◆ Extracted material
■ ■ ■ ■ ■ ■ ■

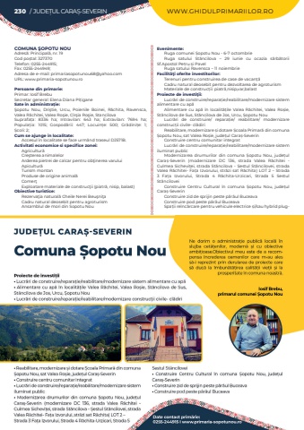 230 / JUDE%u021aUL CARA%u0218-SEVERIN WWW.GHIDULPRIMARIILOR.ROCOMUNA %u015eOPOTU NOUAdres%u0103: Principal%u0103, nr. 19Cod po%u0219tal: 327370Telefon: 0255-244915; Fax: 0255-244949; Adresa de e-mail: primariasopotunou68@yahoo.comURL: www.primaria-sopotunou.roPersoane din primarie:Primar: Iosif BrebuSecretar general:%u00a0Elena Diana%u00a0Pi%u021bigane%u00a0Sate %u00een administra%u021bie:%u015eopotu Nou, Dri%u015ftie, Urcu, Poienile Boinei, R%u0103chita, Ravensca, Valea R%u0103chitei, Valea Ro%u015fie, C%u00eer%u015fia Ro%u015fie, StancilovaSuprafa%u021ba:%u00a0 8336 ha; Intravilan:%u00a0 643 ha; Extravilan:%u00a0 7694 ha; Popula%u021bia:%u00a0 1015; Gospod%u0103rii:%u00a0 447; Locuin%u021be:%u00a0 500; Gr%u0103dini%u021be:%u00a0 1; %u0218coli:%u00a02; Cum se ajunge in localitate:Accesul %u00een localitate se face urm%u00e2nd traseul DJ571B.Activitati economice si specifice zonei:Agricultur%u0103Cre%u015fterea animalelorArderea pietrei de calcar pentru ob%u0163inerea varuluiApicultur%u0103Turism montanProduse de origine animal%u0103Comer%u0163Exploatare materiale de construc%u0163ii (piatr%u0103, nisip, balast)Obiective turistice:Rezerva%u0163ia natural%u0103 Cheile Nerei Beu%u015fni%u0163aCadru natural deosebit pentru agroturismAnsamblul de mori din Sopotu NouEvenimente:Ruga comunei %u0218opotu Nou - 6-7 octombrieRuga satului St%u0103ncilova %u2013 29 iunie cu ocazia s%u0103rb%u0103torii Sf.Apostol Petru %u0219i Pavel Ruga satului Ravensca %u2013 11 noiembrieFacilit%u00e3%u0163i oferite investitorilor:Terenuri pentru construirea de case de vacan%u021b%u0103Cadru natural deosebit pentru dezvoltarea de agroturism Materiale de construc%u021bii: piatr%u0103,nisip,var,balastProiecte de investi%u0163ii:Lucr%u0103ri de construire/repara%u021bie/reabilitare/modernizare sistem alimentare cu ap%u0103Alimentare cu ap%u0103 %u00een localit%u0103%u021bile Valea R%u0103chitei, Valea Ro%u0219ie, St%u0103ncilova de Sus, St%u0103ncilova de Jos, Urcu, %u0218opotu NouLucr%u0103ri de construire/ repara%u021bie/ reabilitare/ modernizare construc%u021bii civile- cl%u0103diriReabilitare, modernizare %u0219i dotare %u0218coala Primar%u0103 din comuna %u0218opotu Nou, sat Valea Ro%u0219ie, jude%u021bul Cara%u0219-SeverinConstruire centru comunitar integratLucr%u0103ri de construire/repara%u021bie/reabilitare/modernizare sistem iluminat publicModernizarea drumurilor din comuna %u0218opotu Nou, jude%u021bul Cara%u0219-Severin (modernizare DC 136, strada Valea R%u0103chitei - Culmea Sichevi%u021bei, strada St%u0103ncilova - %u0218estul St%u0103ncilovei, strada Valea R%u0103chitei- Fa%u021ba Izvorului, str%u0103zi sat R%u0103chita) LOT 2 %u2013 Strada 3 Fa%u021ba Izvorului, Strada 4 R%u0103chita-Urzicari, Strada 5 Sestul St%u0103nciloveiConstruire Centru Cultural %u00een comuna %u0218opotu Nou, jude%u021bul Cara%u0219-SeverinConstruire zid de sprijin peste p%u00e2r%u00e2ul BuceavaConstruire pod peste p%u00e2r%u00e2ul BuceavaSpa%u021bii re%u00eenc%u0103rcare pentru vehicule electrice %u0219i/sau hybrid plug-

■ ■ ■ ■ ■ ■ ■

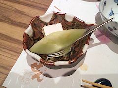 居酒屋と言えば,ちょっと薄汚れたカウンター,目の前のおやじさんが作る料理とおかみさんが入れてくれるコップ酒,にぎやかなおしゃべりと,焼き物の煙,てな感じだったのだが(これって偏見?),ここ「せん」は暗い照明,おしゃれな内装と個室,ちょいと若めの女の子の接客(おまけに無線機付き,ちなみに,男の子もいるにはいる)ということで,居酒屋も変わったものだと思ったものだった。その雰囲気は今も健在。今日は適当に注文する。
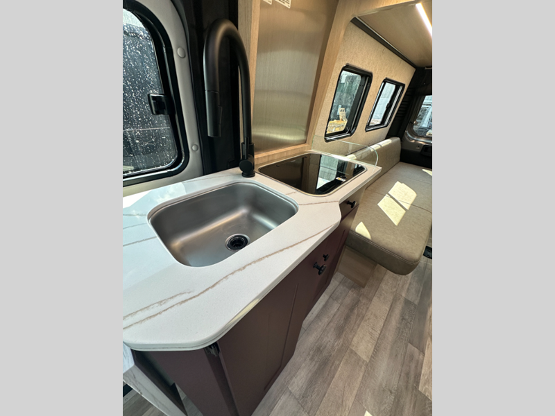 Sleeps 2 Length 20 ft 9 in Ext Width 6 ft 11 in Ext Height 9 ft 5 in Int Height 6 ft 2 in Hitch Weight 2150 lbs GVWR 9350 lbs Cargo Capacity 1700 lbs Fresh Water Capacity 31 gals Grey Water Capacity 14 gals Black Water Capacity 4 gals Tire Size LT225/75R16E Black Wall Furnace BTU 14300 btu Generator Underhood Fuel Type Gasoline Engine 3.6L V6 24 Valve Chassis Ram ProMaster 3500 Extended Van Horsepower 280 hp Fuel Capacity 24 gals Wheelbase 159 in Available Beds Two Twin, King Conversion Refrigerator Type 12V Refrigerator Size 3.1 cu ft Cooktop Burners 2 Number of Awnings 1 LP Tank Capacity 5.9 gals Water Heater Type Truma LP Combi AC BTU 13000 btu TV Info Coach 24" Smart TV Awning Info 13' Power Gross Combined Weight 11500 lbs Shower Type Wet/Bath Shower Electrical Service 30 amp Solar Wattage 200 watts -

■ ■ ■ ■ ■ ■ ■

Starting at the line with "居酒屋と言えば,ちょっと薄汚" and finishing at the line with "Sleeps 2 Length", copy the material above exactly, both lines included. Nothing else goes in, and no pictures.

 居酒屋と言えば,ちょっと薄汚れたカウンター,目の前のおやじさんが作る料理とおかみさんが入れてくれるコップ酒,にぎやかなおしゃべりと,焼き物の煙,てな感じだったのだが(これって偏見?),ここ「せん」は暗い照明,おしゃれな内装と個室,ちょいと若めの女の子の接客(おまけに無線機付き,ちなみに,男の子もいるにはいる)ということで,居酒屋も変わったものだと思ったものだった。その雰囲気は今も健在。今日は適当に注文する。
 Sleeps 2 Length 20 ft 9 in Ext Width 6 ft 11 in Ext Height 9 ft 5 in Int Height 6 ft 2 in Hitch Weight 2150 lbs GVWR 9350 lbs Cargo Capacity 1700 lbs Fresh Water Capacity 31 gals Grey Water Capacity 14 gals Black Water Capacity 4 gals Tire Size LT225/75R16E Black Wall Furnace BTU 14300 btu Generator Underhood Fuel Type Gasoline Engine 3.6L V6 24 Valve Chassis Ram ProMaster 3500 Extended Van Horsepower 280 hp Fuel Capacity 24 gals Wheelbase 159 in Available Beds Two Twin, King Conversion Refrigerator Type 12V Refrigerator Size 3.1 cu ft Cooktop Burners 2 Number of Awnings 1 LP Tank Capacity 5.9 gals Water Heater Type Truma LP Combi AC BTU 13000 btu TV Info Coach 24" Smart TV Awning Info 13' Power Gross Combined Weight 11500 lbs Shower Type Wet/Bath Shower Electrical Service 30 amp Solar Wattage 200 watts -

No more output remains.